A Cartwright in the 21st Century story . . . as told by Adam.
Rated K Word Count: 3200
21st Century Cartwrights Series:
Within the Circle
With a Two-edged Sword
With The Best Intentions
The Art of Weaseling
With All Deliberate Purpose
Death Walked This Way Today
Is This Normal?
Withholding the Dream
The Fine Art of Weaseling
Weasel (pronounced we’z’l) vi. (1) To connive and/or conspire in secret to attain one’s goals. Usually in a surreptitious manner. (2) To take advantage of a situation in order to advance one’s cause.
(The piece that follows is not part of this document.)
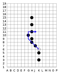 Ohs mueve el balón de K6 – G9 – G11 – J11. Los hombres de J7, H8, G10 y H11 se retiran. El salto de K6-G9-J9-G7 no sería legal, ya que eso haría saltar al hombre en H8 dos veces. Si el balón finaliza el movimiento sobre o sobre la línea de gol del oponente, se ha marcado un gol. Si el balón pasa a través de una línea de gol, pero termina en otro lugar debido a más saltos, el juego continúa.

Some people, no matter what or who they are, never change. Take my youngest brother for example and what he pulled off recently. I know that I should have been paying closer attention. I understand that’s hindsight and therefore always twenty-twenty vision. How he managed, I can see now but while he was at it, I thought nothing of it.
It all started back in late winter. Because he had wrecked two new Jeeps in less than a year – okay, he truly wasn’t at fault either time – I had presented him with a used Volkswagen Beetle as his company vehicle. Surprisingly, he had taken the gentle reproof in good humor and, to show his understanding, had actually been driving it. Sure, it was winter and the little car didn’t have a heater but Joe, every morning, would pick up his travel mug full of boiling hot coffee and his blanket and head for the door-all with far more cheerfulness than he should have had. My father had tried to convince me to give in but I wouldn’t. I was determined that I was going to at least embarrass him into better behavior when behind the steering wheel. The insurance premiums for Cartwright and Sons Construction were climbing at an alarming rate and I was determined to put a halt to that escalation. The easiest way, I saw, was to hold down on the vehicular impact. Since Joe put the greatest number of miles – and dents- on company transportation, his was the logical place to start economizing. The VW, bought for next to nothing, was therefore insured for the bare minimum.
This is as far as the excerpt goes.